Even after their abortive second summit in February - and as Pyongyang has continued to test short-range missiles - Trump has been reluctant to criticise the North Korean leader.
On Friday the US president said he agreed with Kim's opposition to the war games - albeit for financial rather than military reasons - and indicated the missile launches were not important.
"I'll say it again. There have been no nuclear tests. The missile tests have all been short- range. No ballistic missile tests, no long-range missiles," Trump said.
Then on Saturday, Trump said Kim had expressed in a letter his willingness to meet and resume negotiations once the US-South Korean exercises are over.
Kim also offered a "small apology for testing the short range missiles," the US leader noted, and said the tests would end once the military drills wrap up on August 20.
The pair last met in late June for brief talks in the Demilitarised Zone separating the two Koreas - and Trump became the first sitting US president ever to step inside the North.
'Licence to fire'
Shin Beom-chul, an analyst at the Asan Institute for Policy Studies in Seoul, said Trump's downplaying of the launches were equvalent to endorsing the missile tests.
"If Kim felt the missile tests could jeopardise the dialogue momentum, he would refrain. But right now, it's as if North Korea has a licence to fire short-range missiles," Shin told AFP.
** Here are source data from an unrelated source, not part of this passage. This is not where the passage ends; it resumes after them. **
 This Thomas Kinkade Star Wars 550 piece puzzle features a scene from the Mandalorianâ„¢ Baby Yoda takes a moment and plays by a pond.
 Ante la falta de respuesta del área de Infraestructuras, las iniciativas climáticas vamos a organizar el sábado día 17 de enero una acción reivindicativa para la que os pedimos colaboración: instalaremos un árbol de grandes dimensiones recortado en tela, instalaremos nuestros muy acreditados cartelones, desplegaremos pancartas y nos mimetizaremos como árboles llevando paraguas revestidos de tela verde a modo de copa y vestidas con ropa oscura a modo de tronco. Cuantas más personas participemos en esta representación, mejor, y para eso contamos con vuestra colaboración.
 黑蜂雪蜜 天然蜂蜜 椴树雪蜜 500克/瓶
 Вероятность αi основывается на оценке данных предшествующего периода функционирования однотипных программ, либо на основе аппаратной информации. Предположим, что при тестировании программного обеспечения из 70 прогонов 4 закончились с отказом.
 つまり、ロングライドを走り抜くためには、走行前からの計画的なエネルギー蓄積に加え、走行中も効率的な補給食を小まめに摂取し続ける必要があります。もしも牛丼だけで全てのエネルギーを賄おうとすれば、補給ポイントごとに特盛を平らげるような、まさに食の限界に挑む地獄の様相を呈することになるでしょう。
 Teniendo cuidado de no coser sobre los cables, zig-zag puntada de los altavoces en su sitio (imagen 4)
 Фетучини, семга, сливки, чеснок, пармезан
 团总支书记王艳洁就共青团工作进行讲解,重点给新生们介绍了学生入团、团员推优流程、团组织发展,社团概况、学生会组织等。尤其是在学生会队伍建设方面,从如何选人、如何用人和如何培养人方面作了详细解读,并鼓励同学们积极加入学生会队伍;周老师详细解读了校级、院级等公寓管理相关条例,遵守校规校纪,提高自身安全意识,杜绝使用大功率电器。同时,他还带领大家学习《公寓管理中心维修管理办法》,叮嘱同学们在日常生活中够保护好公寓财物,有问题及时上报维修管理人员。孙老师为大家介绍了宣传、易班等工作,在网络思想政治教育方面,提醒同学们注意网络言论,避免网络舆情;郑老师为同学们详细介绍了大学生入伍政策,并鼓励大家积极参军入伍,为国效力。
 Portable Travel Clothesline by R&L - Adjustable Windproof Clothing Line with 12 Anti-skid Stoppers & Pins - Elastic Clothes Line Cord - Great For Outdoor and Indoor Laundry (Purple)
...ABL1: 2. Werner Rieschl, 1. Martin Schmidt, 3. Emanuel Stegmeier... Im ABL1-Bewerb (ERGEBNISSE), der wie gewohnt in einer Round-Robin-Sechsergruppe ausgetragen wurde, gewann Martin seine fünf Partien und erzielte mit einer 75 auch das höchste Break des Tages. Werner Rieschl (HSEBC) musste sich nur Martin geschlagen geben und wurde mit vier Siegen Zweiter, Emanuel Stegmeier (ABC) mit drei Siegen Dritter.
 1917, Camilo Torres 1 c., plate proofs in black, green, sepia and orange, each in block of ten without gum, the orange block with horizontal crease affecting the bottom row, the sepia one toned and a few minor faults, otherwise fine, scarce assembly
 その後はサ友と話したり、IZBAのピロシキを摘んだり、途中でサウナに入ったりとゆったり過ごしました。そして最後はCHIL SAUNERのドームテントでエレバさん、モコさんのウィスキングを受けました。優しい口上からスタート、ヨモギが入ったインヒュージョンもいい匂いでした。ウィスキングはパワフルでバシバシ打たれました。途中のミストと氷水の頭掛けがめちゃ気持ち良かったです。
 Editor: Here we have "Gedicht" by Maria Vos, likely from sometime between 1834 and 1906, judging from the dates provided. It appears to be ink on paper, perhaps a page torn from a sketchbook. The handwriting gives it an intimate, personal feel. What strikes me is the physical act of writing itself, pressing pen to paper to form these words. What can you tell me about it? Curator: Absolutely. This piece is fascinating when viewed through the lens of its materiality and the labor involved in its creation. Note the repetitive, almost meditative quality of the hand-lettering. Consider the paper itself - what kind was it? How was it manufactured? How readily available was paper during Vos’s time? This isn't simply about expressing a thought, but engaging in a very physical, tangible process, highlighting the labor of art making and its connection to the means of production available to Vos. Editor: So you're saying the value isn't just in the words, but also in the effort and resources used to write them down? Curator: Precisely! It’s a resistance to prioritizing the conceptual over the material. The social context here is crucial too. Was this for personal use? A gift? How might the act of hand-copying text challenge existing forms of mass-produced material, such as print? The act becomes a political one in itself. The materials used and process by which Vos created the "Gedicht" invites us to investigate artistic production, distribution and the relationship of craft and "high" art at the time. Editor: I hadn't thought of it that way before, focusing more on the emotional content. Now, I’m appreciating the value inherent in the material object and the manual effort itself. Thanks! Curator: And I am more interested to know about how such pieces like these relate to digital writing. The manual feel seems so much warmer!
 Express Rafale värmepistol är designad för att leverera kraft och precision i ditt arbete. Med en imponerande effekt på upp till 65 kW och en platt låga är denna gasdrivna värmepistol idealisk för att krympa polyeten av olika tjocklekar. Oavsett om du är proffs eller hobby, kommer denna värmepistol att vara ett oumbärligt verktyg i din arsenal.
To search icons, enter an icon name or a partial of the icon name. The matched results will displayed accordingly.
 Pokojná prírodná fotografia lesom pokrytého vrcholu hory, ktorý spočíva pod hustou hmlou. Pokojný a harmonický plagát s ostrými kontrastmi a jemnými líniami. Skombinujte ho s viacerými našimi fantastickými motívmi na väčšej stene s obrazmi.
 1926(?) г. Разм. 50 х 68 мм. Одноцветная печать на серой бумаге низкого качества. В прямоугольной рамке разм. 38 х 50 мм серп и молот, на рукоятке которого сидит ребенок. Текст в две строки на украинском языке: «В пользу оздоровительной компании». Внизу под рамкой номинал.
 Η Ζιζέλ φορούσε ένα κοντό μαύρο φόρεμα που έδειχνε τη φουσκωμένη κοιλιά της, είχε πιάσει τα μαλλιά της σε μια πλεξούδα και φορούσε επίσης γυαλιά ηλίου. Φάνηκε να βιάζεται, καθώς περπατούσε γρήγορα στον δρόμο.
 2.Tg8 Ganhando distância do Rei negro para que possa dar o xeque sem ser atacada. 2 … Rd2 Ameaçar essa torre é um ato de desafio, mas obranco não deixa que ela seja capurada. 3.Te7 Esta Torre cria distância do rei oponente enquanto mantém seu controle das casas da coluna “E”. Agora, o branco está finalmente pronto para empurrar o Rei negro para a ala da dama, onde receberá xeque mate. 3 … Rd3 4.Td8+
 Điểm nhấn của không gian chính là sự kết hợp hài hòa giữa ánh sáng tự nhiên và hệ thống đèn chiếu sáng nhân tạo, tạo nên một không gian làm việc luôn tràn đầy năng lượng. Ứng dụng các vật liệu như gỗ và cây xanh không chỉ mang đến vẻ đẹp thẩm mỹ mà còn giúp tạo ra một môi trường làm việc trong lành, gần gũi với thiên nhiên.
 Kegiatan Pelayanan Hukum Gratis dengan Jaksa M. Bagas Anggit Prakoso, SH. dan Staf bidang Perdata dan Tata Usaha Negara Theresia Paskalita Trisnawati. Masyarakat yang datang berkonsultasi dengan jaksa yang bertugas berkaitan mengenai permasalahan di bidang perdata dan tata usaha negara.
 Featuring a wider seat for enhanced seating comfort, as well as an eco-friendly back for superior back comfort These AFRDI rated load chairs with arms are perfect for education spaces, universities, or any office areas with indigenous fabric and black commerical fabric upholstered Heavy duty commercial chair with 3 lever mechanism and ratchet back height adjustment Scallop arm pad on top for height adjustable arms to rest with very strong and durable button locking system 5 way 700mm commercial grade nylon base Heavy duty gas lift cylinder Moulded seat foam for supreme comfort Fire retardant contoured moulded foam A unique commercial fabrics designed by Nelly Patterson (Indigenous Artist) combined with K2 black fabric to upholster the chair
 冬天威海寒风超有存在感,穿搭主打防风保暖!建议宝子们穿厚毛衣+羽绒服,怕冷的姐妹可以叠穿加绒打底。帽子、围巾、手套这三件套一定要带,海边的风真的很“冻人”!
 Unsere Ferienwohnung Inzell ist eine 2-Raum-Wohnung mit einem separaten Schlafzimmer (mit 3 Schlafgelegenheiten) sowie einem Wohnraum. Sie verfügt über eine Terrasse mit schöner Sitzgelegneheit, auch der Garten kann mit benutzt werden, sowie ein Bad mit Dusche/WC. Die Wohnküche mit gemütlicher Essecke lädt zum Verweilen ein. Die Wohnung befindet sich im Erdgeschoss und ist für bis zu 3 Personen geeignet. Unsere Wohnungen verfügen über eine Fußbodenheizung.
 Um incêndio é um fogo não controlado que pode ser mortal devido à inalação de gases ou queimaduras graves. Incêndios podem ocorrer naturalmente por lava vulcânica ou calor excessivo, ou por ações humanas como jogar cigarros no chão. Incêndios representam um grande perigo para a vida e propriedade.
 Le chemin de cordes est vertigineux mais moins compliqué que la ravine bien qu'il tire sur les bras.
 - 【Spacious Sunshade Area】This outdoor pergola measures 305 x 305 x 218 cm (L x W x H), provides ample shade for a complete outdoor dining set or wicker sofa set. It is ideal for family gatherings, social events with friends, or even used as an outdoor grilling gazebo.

The foreign ministry in Pyongyang said Trump's comments effectively recognised the North's
"self-defensive rights" as a sovereign state to conduct "small" missile tests.
Leif-Eric Easley, a professor at Ewha University in Seoul, said by appealing directly to Trump, Kim was "trying to drive a wedge between Washington and Seoul" as Pyongyang seeks to break the alliance.
Washington and Seoul pledged in March to scale down their joint drills in an effort to foster denuclearisation efforts.
While past exercises involved extensive combat field training - with thousands of American troops coming in from several countries to take part - the current games are decidedly low- key, with the emphasis on computer-simulated scenarios.